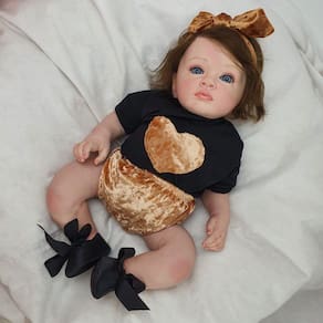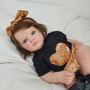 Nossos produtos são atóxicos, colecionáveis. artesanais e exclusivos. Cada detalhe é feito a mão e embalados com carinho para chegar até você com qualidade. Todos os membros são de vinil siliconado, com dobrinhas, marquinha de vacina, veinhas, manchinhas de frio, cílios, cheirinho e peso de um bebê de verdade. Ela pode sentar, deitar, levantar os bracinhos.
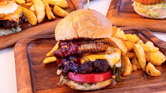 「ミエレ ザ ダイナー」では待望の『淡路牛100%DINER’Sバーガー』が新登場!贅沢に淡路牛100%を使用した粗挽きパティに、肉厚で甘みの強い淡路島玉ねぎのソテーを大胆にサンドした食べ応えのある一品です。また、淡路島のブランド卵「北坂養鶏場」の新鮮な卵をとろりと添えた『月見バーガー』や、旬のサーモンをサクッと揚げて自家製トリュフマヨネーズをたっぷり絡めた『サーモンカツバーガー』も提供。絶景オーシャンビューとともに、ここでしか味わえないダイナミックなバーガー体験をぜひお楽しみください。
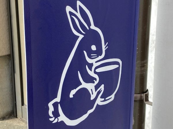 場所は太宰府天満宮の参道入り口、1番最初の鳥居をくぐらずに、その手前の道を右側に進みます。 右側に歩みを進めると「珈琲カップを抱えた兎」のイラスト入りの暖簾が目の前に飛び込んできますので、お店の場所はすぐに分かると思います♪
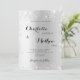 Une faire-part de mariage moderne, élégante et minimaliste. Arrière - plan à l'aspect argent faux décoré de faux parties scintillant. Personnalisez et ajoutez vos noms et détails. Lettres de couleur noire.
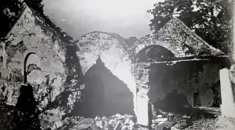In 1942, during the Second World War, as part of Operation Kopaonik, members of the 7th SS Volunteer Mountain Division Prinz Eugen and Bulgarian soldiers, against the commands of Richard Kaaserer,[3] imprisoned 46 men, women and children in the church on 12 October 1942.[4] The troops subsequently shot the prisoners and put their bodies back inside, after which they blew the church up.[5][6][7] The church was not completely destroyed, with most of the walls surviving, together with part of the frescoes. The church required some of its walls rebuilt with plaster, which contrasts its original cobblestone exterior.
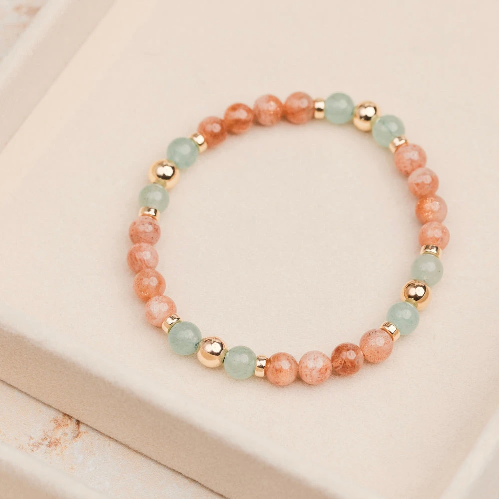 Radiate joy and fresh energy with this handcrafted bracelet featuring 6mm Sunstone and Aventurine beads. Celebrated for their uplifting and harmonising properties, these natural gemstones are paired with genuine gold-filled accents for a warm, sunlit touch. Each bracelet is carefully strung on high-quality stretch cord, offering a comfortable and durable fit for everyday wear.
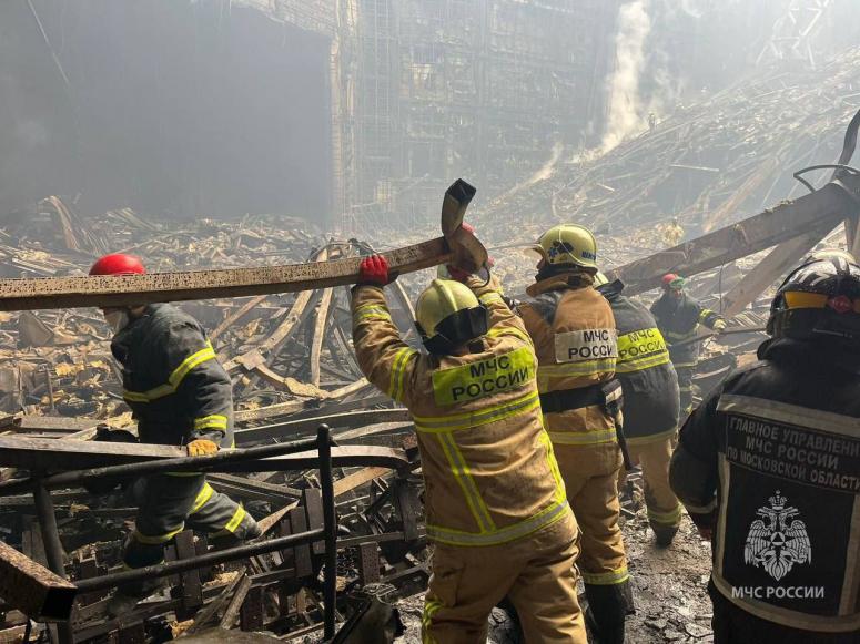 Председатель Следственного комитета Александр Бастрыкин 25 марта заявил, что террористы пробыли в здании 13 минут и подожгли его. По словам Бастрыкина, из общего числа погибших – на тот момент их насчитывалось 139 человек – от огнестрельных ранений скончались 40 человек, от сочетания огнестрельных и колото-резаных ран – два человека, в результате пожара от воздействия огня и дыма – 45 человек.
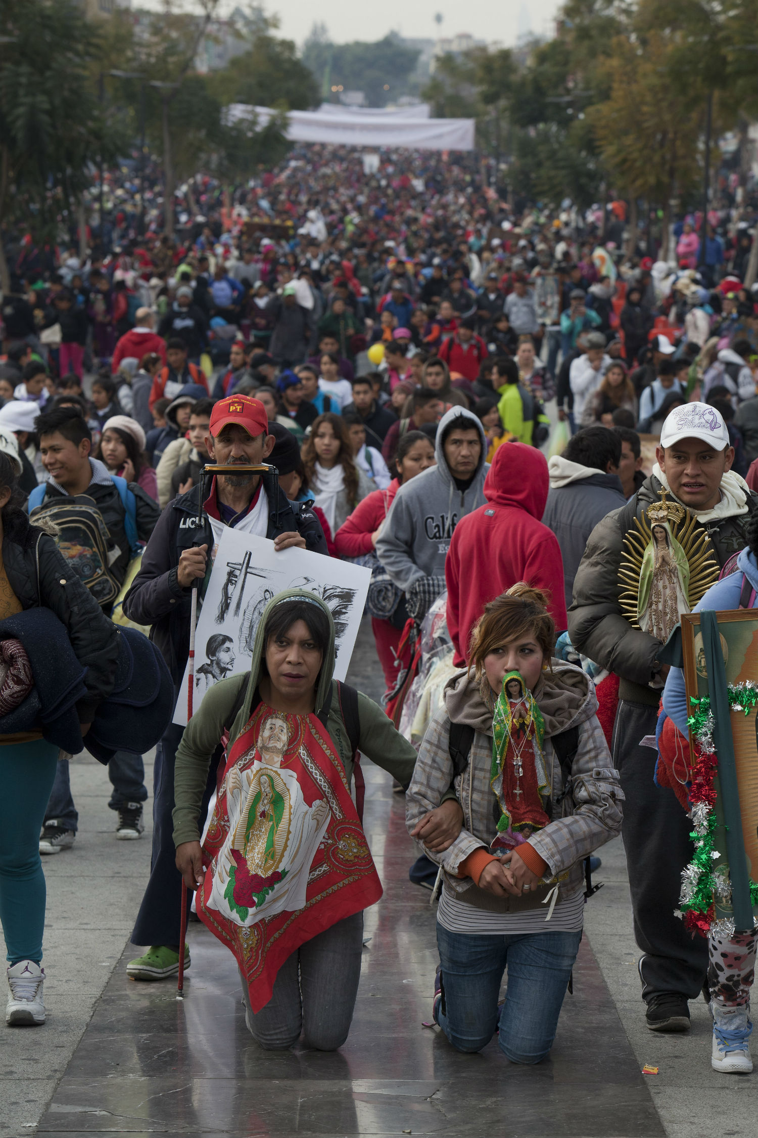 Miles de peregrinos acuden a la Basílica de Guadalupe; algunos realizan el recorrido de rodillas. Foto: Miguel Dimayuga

## HOW TO COMPLETE THIS TASK
The data must be reproduced exactly, and no picture may appear in the copy.

## OUTPUT OF THE EXERCISE
 Nossos produtos são atóxicos, colecionáveis. artesanais e exclusivos. Cada detalhe é feito a mão e embalados com carinho para chegar até você com qualidade. Todos os membros são de vinil siliconado, com dobrinhas, marquinha de vacina, veinhas, manchinhas de frio, cílios, cheirinho e peso de um bebê de verdade. Ela pode sentar, deitar, levantar os bracinhos.
 「ミエレ ザ ダイナー」では待望の『淡路牛100%DINER’Sバーガー』が新登場!贅沢に淡路牛100%を使用した粗挽きパティに、肉厚で甘みの強い淡路島玉ねぎのソテーを大胆にサンドした食べ応えのある一品です。また、淡路島のブランド卵「北坂養鶏場」の新鮮な卵をとろりと添えた『月見バーガー』や、旬のサーモンをサクッと揚げて自家製トリュフマヨネーズをたっぷり絡めた『サーモンカツバーガー』も提供。絶景オーシャンビューとともに、ここでしか味わえないダイナミックなバーガー体験をぜひお楽しみください。
 場所は太宰府天満宮の参道入り口、1番最初の鳥居をくぐらずに、その手前の道を右側に進みます。 右側に歩みを進めると「珈琲カップを抱えた兎」のイラスト入りの暖簾が目の前に飛び込んできますので、お店の場所はすぐに分かると思います♪
 Une faire-part de mariage moderne, élégante et minimaliste. Arrière - plan à l'aspect argent faux décoré de faux parties scintillant. Personnalisez et ajoutez vos noms et détails. Lettres de couleur noire.
In 1942, during the Second World War, as part of Operation Kopaonik, members of the 7th SS Volunteer Mountain Division Prinz Eugen and Bulgarian soldiers, against the commands of Richard Kaaserer,[3] imprisoned 46 men, women and children in the church on 12 October 1942.[4] The troops subsequently shot the prisoners and put their bodies back inside, after which they blew the church up.[5][6][7] The church was not completely destroyed, with most of the walls surviving, together with part of the frescoes. The church required some of its walls rebuilt with plaster, which contrasts its original cobblestone exterior.
 Radiate joy and fresh energy with this handcrafted bracelet featuring 6mm Sunstone and Aventurine beads. Celebrated for their uplifting and harmonising properties, these natural gemstones are paired with genuine gold-filled accents for a warm, sunlit touch. Each bracelet is carefully strung on high-quality stretch cord, offering a comfortable and durable fit for everyday wear.
 Председатель Следственного комитета Александр Бастрыкин 25 марта заявил, что террористы пробыли в здании 13 минут и подожгли его. По словам Бастрыкина, из общего числа погибших – на тот момент их насчитывалось 139 человек – от огнестрельных ранений скончались 40 человек, от сочетания огнестрельных и колото-резаных ран – два человека, в результате пожара от воздействия огня и дыма – 45 человек.
 Miles de peregrinos acuden a la Basílica de Guadalupe; algunos realizan el recorrido de rodillas. Foto: Miguel Dimayuga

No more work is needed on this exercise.